🤖 AI Summary
This work addresses the high computational cost of video diffusion Transformers, which stems from their long diffusion timesteps and self-attention mechanisms, and observes that existing acceleration methods fail to fully exploit the spatiotemporal correlations inherent in video data. To this end, the study introduces a novel approach that, for the first time, identifies channel-level spatiotemporal redundancy in the latent space and proposes a lightweight channel reuse algorithm to skip redundant computations. A co-designed reconfigurable systolic array architecture is also developed to enable hardware-software co-optimization. Evaluated across three mainstream models, the proposed method achieves up to 5.9× speedup and 16.0× improvement in energy efficiency while preserving generation quality, as evidenced by PSNR values exceeding 17 dB.
📝 Abstract
Video diffusion transformers (vDiTs) generate high quality video but introduce extremely high compute cost due to the long diffusion timesteps and self attention computation. As diffusion timesteps are reduced, the computation cost of self attention becomes the dominant bottleneck. Existing acceleration approaches largely inherit sparse attention techniques from large language models, which fail to consider the unique spatiotemporal correlation of video data.

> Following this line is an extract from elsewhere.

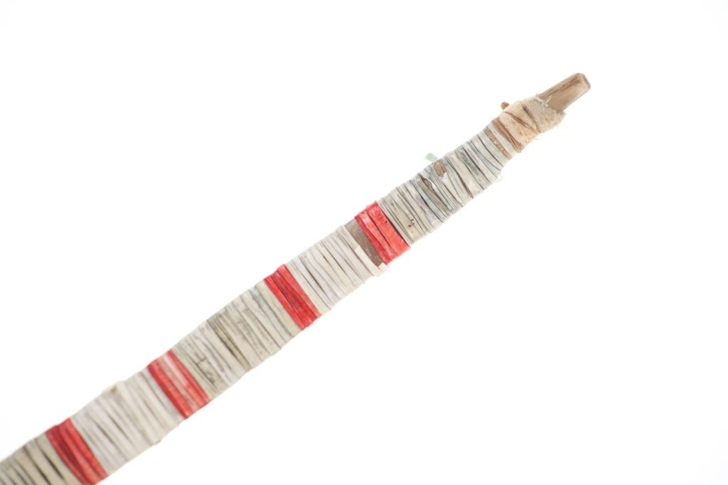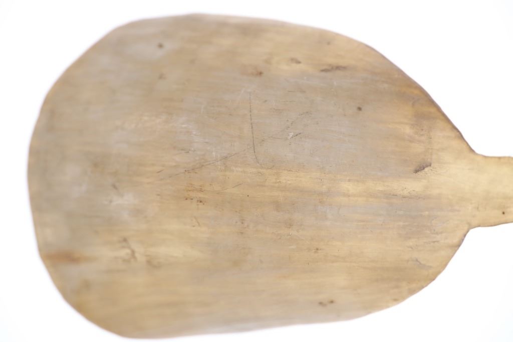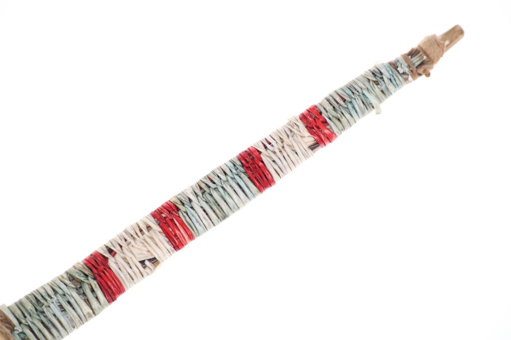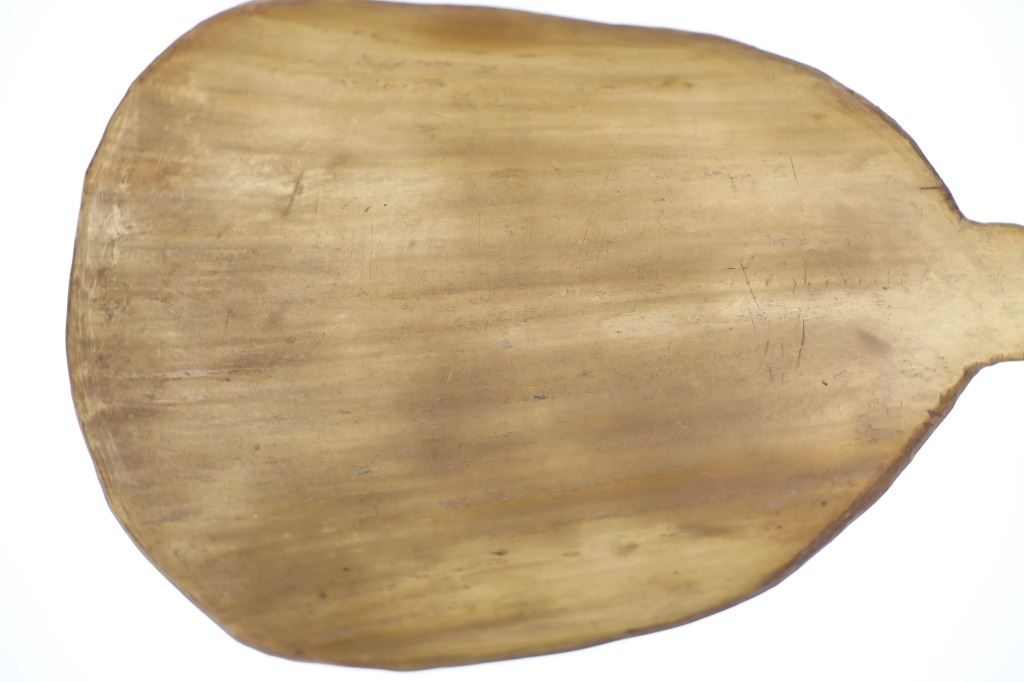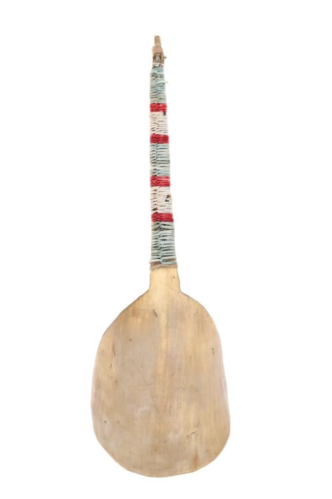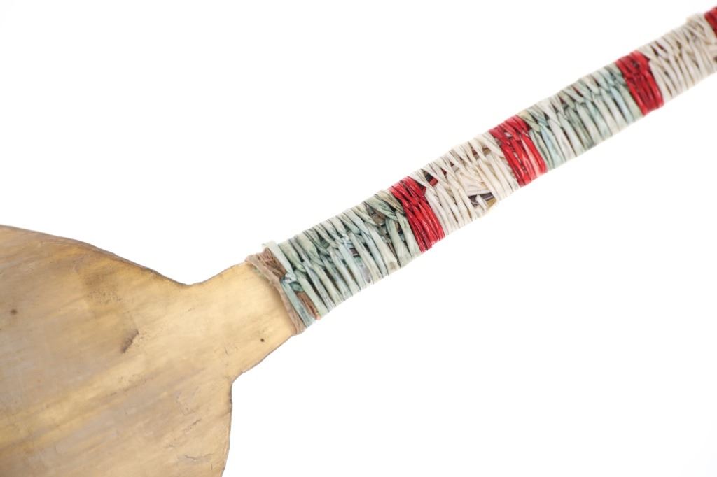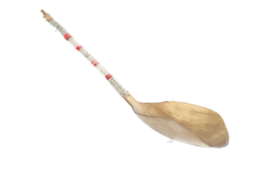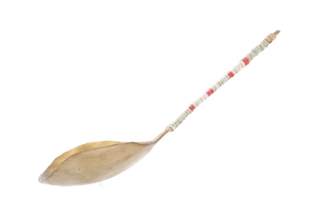 This is an excellent 19th-century Plains Quilled Horn Spoon from an ex-Hindman Sale and private Paris, France collection. The piece was found to be an authentic 1800’s Plains Horn Spoon by the experts at Hindman Auctions back in September 2021, noted as 19th century Plains Horn Spoon, with Bird Quill Wrappings. The piece shows a large carved horn spoon wrapped in porcupine quill quillwork with over Indian hide parfleche wrap with sinew sewing. This Indian Wars era piece displays beautifully and shows mineral colors of blue, red, and white quillwork. Provenance: From a private Paris, France collection and sold in Hindman’s September 2021 sale for around $550 (w/ bp). Measures overall 10 3/8-inches long by 3.25-inches wide.

This paper presents Kaleido, an algorithm hardware codesign that accelerates all operations in vDiTs by exploiting channel-wise spatiotemporal correlations in latent space. Based on this insight, we propose a lightweight channelwise reuse algorithm that skips redundant computations by reusing partial results while preserving higher generative quality than prior methods (>17 dB). To efficiently support this algorithm, we design a systolic array like accelerator with reconfigurable processing elements and a lightweight data dispatcher to mitigate irregular sparsity and data access patterns introduced by our reuse algorithm. Evaluations across three mainstream vDiT models show that Kaleido achieves up to 5.9x speedup and 16.0x energy savings over state of the art accelerators.